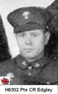 He served in Manitoba, Jamaica with Y Force in B Company of 11 Platoon, Hong Kong with C Force. He had 831 days of service, including 55 overseas. To commemorate his sacrifice, the Manitoba government named Edgley Lake located northeast of Lac Du Bonnet in his honor in 1973.
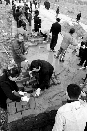 昨日下午,大興區(qū)舊宮親親我家小區(qū)內(nèi),上百名業(yè)主在小區(qū)東南門砌墻、挖路,以此向開發(fā)商抗議。
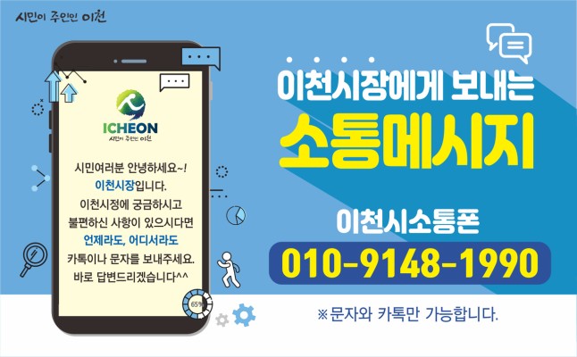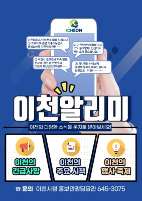 이천시(시장 엄태준)는 문화, 교육, 행정 등 시민들에게 필요한 주요소식을 휴대폰 알림톡(문자)로 발송하는 서비스 신청을 14일부터 접수 받는다고 밝혔습니다.
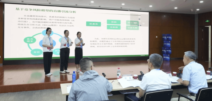 6月15日上午,研究生团队围绕新质生产力驱动制造业高质量发展路径、数据要素市场化的动态博弈机制、心血管疾病负担时空趋势、认知障碍干预探索、企业ESG表现分析、教育-就业关联的技能错配研究、零售直播引流机制、中美产业结构差异演化等选题展开精彩展示和答辩。选手们凭借扎实的理论基础和创新性的模型构建,结合实际案例进行展示。评委针对变量间的逻辑关系、数据来源可靠性、模型适配性等方面进行提问,并给予了专业性建议。
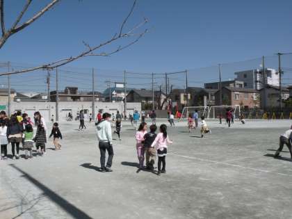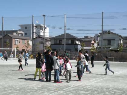 今日の4時間目、校庭では1年生が6年生のお姉さんお兄さんにまとわりついています。今日は6年生と1年生の交流活動の時間なのです。1年生はとても楽しそうです。6年生もまんざらではない表情です。あと9日で卒業式です。1日1日がいとおしい日々となっています。(校長 箭内)
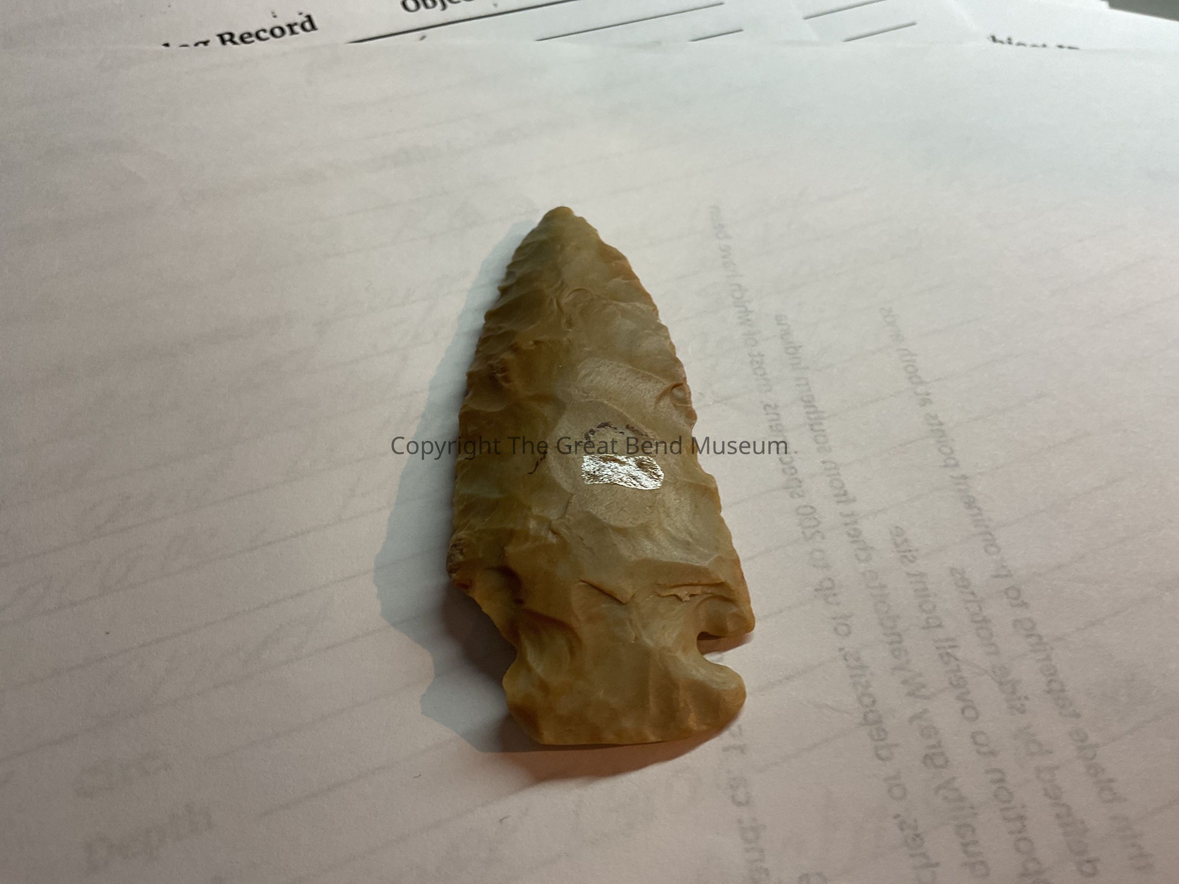 Large light brown/gray point. One shoulder is chipped has prominent opposite shoulder. It is a long spear point, base has one chipped side also. Stem is shaped in the “Dovetail” shape. Basal edge is also ground thin.Acquisition
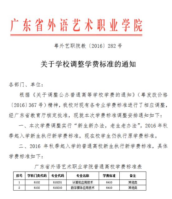 附件:关于学校调整学费标准的通知
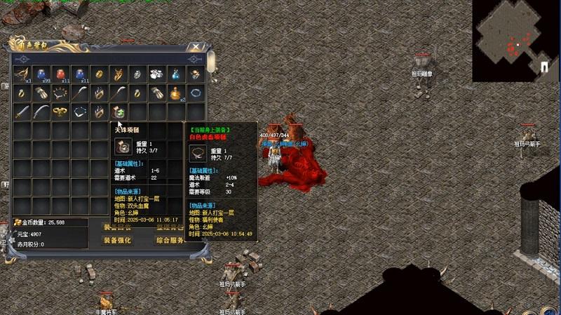 • 法师火墙封锁东侧走廊,道士骷髅引散小怪。
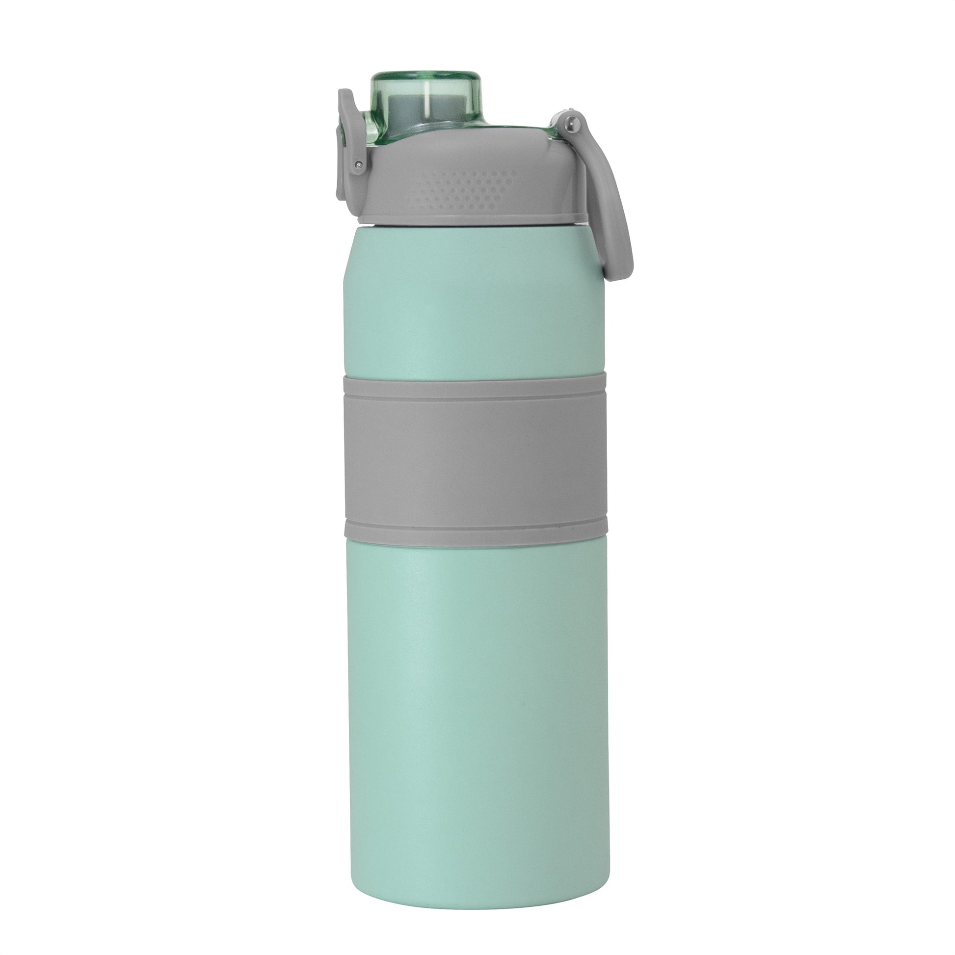 hidratación a otro nivel.botella deportiva con doble pared, sellada al vacío. interior de acero 304 y exterior de acero 201. pintura powder coat (pintura más duradera y resistente a la corrosión y el paso del tiempo). tapa plástica a rosca en color gris con anillo de silicona y manija plástica para su agarre, combinada con tapa rebatible en colores translucidos a juego con el color de la botella. boquilla con sorbete incluido. grip de silicona color gris para mejor agarre. mantiene alrededor de 8 hs la temperatura de las bebidas calientes y frías.
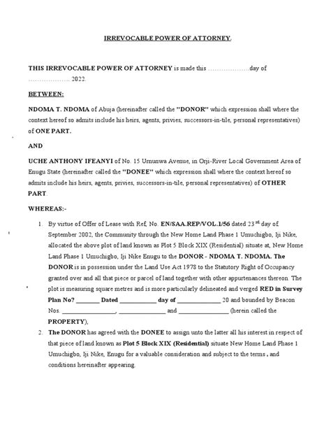 So, let’s really unpack what this legal beast, the irrevocable general power of attorney , signifies. When we talk about a power of attorney (POA), we’re generally referring to a legal document where one person (the principal) gives another person (the agent or attorney-in-fact) the authority to make decisions and act on their behalf. Now, add the word “general” to that. A general power of attorney grants the agent very broad powers. This could include managing bank accounts, selling property, paying bills, making investments, and handling legal matters. It’s a comprehensive delegation of authority. But the real game-changer here is the word “irrevocable.” Unlike a typical or “revocable” power of attorney, which the principal can cancel or change at any time as long as they are mentally competent, an irrevocable power of attorney is designed to be permanent or very difficult to revoke. This irrevocability usually stems from specific circumstances or agreements. For instance, it might be made in connection with a business transaction where the agent has a vested interest, or it could be part of an estate plan to ensure certain assets are managed in a particular way, often tied to a specific event or condition. The permanence is a critical feature; it means the principal gives up a significant amount of control. This isn’t something you’d enter into lightly, guys. It requires absolute trust in the agent and a clear understanding of the long-term commitment. The implications are vast, as the agent can wield substantial power over the principal’s assets and affairs, and the principal’s ability to undo this delegation is severely restricted. It’s the legal equivalent of locking the door and handing over the only key, with no easy way to get it back if you change your mind later on, unless specific conditions are met or legal avenues are pursued. The weight of this decision cannot be overstated, and seeking professional legal advice is absolutely paramount before considering or signing such a document.
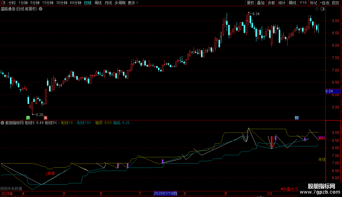 射线10X:DRAWLINE(L=LLV(L,10),L,H=HHV(H,10),L,0),COLORLICYAN;
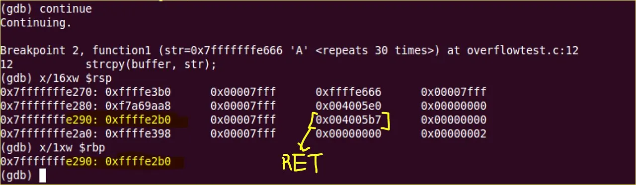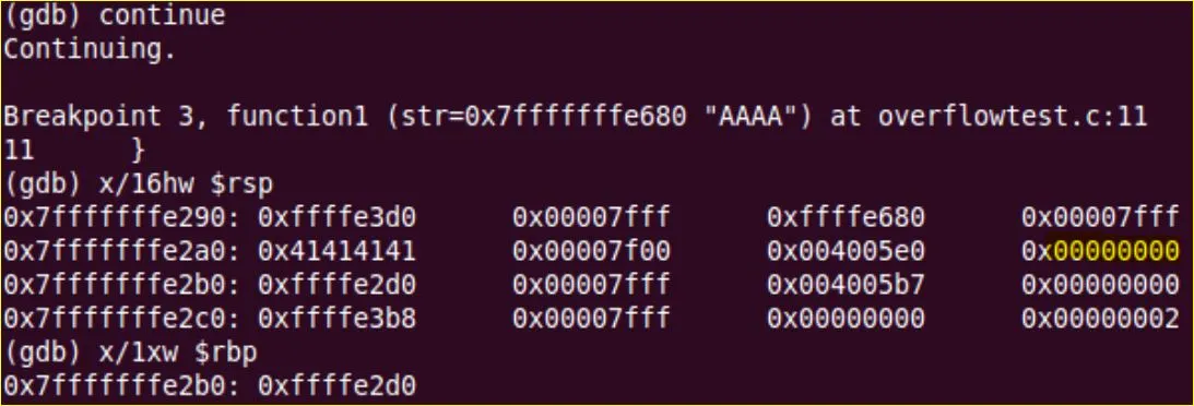 한번 더 continue 명령을 입력해서 다음 중단점(10행)인 function() 함수가 호출되어 함수 내부의 strcpy 함수가 실행되기 직전까지의 메모리 데이터를 출력한다. 그래서 다시 'x/16xw $rsp' 명령과 'x/1xw $rbp' 명령으로 %ESP와 %EBP의 레지스터를 출력해서 다음 function() 함수 부분의 메모리 데이터를 확인해본다.

____

WHAT IS NEEDED
Output exactly the lines above, beginning at the one with "附件:关于学校调整学费标准的通知" and stopping after the one with "hidratación a otro". Pictures are to be omitted.

RESPONSE FOR THIS EXERCISE
 附件:关于学校调整学费标准的通知
 • 法师火墙封锁东侧走廊,道士骷髅引散小怪。
 hidratación a otro nivel.botella deportiva con doble pared, sellada al vacío. interior de acero 304 y exterior de acero 201. pintura powder coat (pintura más duradera y resistente a la corrosión y el paso del tiempo). tapa plástica a rosca en color gris con anillo de silicona y manija plástica para su agarre, combinada con tapa rebatible en colores translucidos a juego con el color de la botella. boquilla con sorbete incluido. grip de silicona color gris para mejor agarre. mantiene alrededor de 8 hs la temperatura de las bebidas calientes y frías.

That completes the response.